Data Mining Grid



Data mining tools and services for grid computing environments.


Future and emerging complex problem-solving environments are characterised by increasing amounts of digital data and rising demands for coordinated resource sharing across geographically dispersed sites. Next generation grid technologies are promising to provide the necessary infrastructure facilitating seamless sharing of computing resources in complex problem-solving environments. Currently, there exists no coherent framework for developing and deploying data mining applications on the grid. The DataMiningGrid project will address this gap by developing generic and sector-independent data mining tools and services for the grid.

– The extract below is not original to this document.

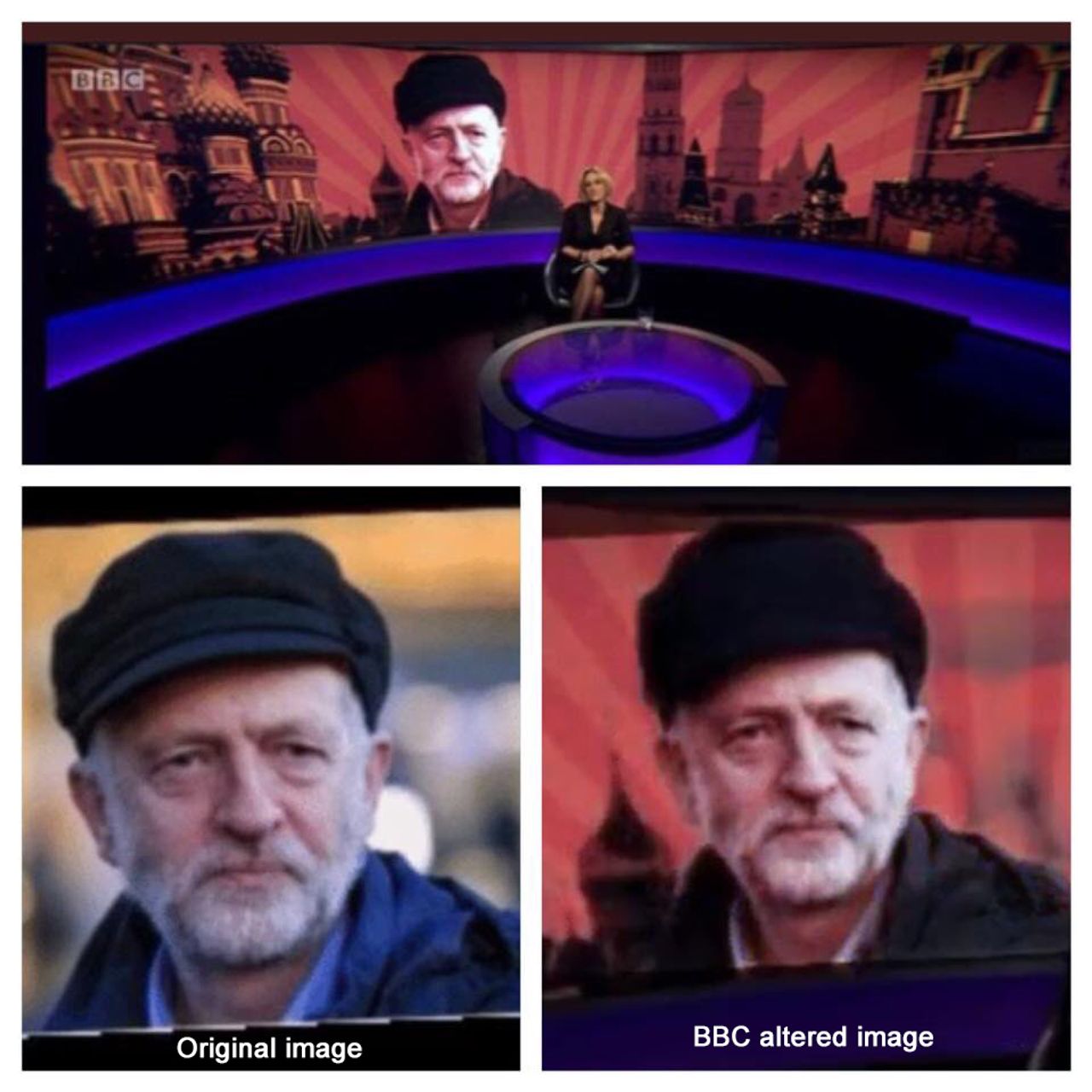 La respuesta de Corbyn en el Guardian, publicada el jueves, desató una ira aún mayor, con el Daily Telegraph llamándolo “no digno de ser primer ministro”. El programa de televisión “Newsnight” de BBC, referente en Reino Unido para asuntos domésticos, “discutió” la cuestión frente a un fondo panorámico mostrando una imagen alterada en Photoshop de Corbyn con un sombrero ruso y frente a un segundo plano del Kremlin retratado en sombras de rojo.

The main objectives of the DataMiningGrid project are:
  • to develop grid interfaces that allow data mining tools and data sources to interoperate within distributed grid computing environments. A userfriendly workflow editor will be provided to facilitate the configuration of analysis tasks;
  • to develop grid-based text mining and ontology-learning services and interfaces for knowledge discovery in texts and ontology learning;
  • to develop a testbed consisting of several demonstrator applications from a diverse set of sectors, including the bioinformatics, healthcare, and automotive industries;
  • to align and integrate these technologies with emerging grid standards and infrastructures.
The key technologies developed in the project include:
  • distributed data mining tools, facilitating novel approaches to mine data;
  • grid-aware data mining interfaces and services (e.g. data sources, algorithms);
  • workflow-based management of mining in grid environments;
  • standardisation of data mining within grid computing environments.
To demonstrate the technology developed, the project will implement a range of demonstrator applications in e-science and e-business (see picture). Other results include promotion of accessible data mining and the facilitation of industrial take-up.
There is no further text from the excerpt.